BEGIN Supplied material

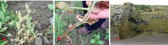 – Héo Fusarium: do nấm Fusarium oxysporum, Fusarium sp. (bào tử hậu tồn tại trong đất, xâm nhiễm cả rễ cây không phải là ký chủ); khi cây bị bệnh, toàn bộ mạch dẫn hóa nâu, không còn chức năng dẫn dinh dưỡng và nước trong cơ thể cây trồng.
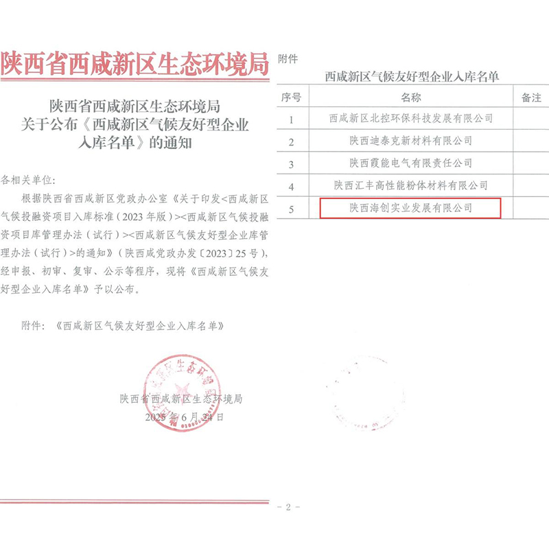 2025年6月24日,陕西省西咸新区生态环境局正式授予陕西海创实业发展有限公司“西咸新区气候友好型企业”称号。这标志着陕西海创实业在践行绿色发展理念、积极应对气候变化、推动工业领域节能减排方面所做出的突出贡献,获得了政府主管部门的高度认可。
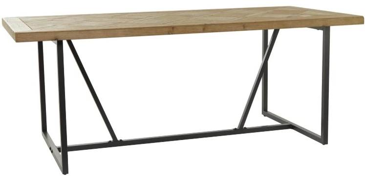 The table top is crafted with MDF and fir wood and secured with an iron trestle leg stand
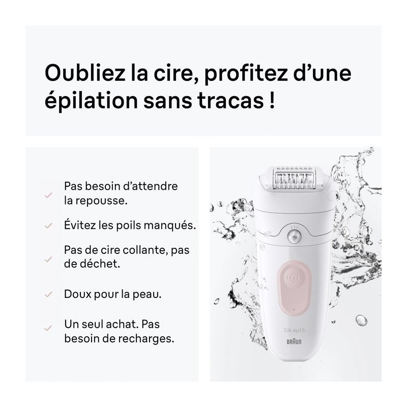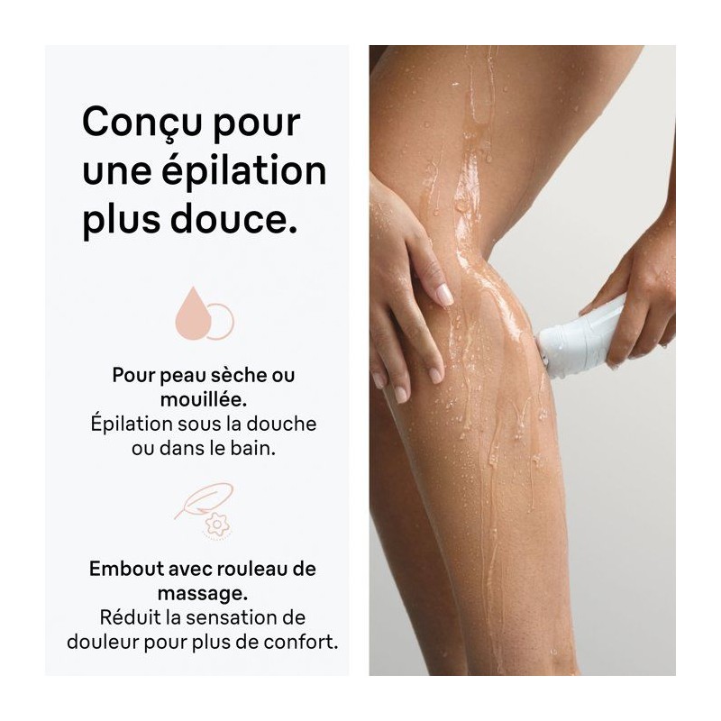L'épilateur Braun Silk·épil 5 offre jusqu'a 1 mois de peau douce, quand vous voulez. Cet épilateur Braun sans fil est doté de micro pincettes permettant d'attraper des poils que la cire ne peut pas retirer (des 0,5 mm). Réduisez la sensation de douleur grâce a l'embout avec rouleau de massage. Plus besoin d'attendre la repousse des poils contrairement a d'autres méthodes d'épilation comme la cire. Cet épilateur est conçu pour une utilisation pratique a la maison sans prise de rendez-vous. Conseil : pour réduire la sensation de douleur, épilez-vous dans le bain ou sous la douche avec de l'eau tiede.
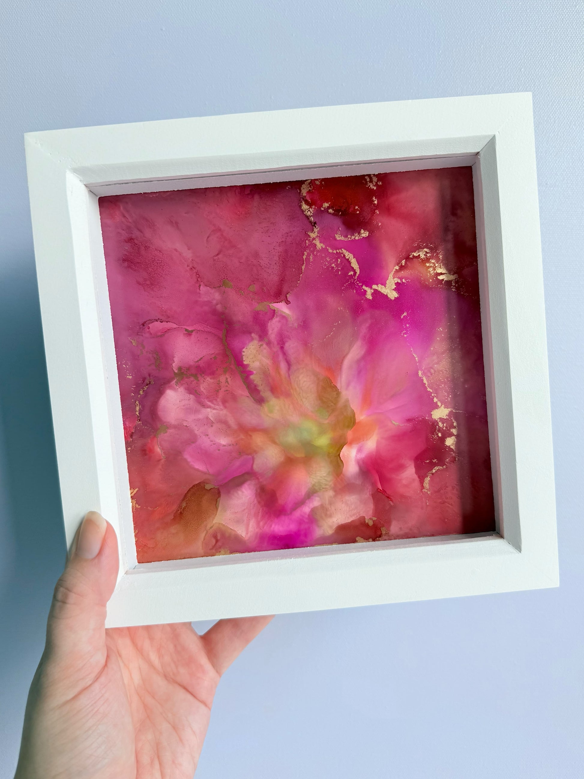 6.5 x 6.5" alcohol ink original artwork on synthetic paper. Set in a white deep box frame*, overall size 7.5 x 7.5".
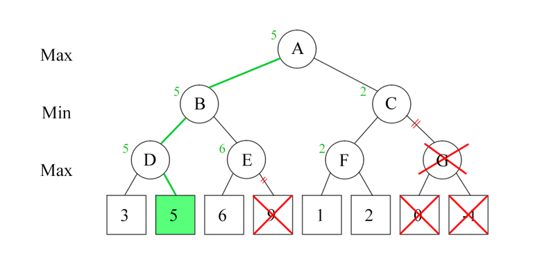 We will definitely need to improve the computational efficiency. Luckily, we can do this via the well-known Alpha-beta pruning, which cuts of quite many sub-trees at early stages (when the depth is small) in advance so we don't need to explore them.
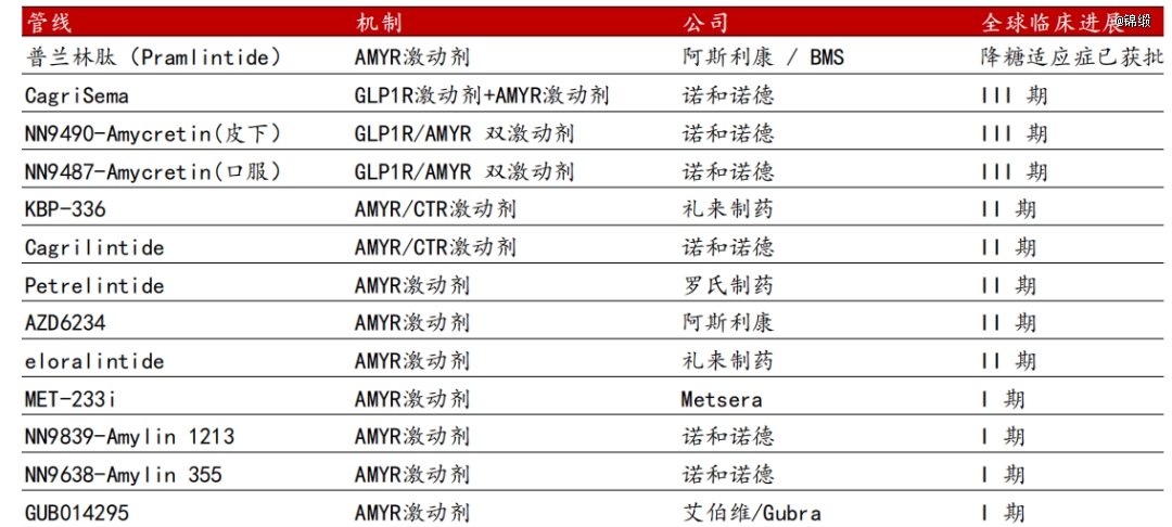 图:全球Amylin管线一览,来源:麦高证券
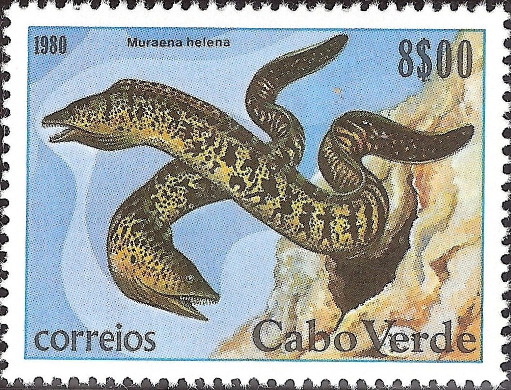Visibility: public Image owner: none postage 11/11/1980 8e multi dt=fishes (1980 Cape Verde) d=Muraena helena (1980) unwmk perf=12.75 Crops No visible images cropped from this one. Measurements Resolution is unknown. Source Source name: Colnect File URL: http://i.colnect.net/b/1124/845/Mediterranean-Moray-Muraena-helana.jpg Uploaded August 18, 2014, 9:35 pm by Stan Shebs |
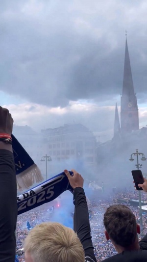 據(jù)圖片報報道,在當?shù)貢r間5月19日下午,漢堡進行了游行。有10萬球迷參與慶祝。

END Supplied material

__The task__
Find the line that contains "图:全球Amylin管线一览,来源:麦高证券" and repeat it, along with every line after it to the end of the data, exactly; drop the pictures.

__Response box__
 图:全球Amylin管线一览,来源:麦高证券
Visibility: public Image owner: none postage 11/11/1980 8e multi dt=fishes (1980 Cape Verde) d=Muraena helena (1980) unwmk perf=12.75 Crops No visible images cropped from this one. Measurements Resolution is unknown. Source Source name: Colnect File URL: http://i.colnect.net/b/1124/845/Mediterranean-Moray-Muraena-helana.jpg Uploaded August 18, 2014, 9:35 pm by Stan Shebs |
 據(jù)圖片報報道,在當?shù)貢r間5月19日下午,漢堡進行了游行。有10萬球迷參與慶祝。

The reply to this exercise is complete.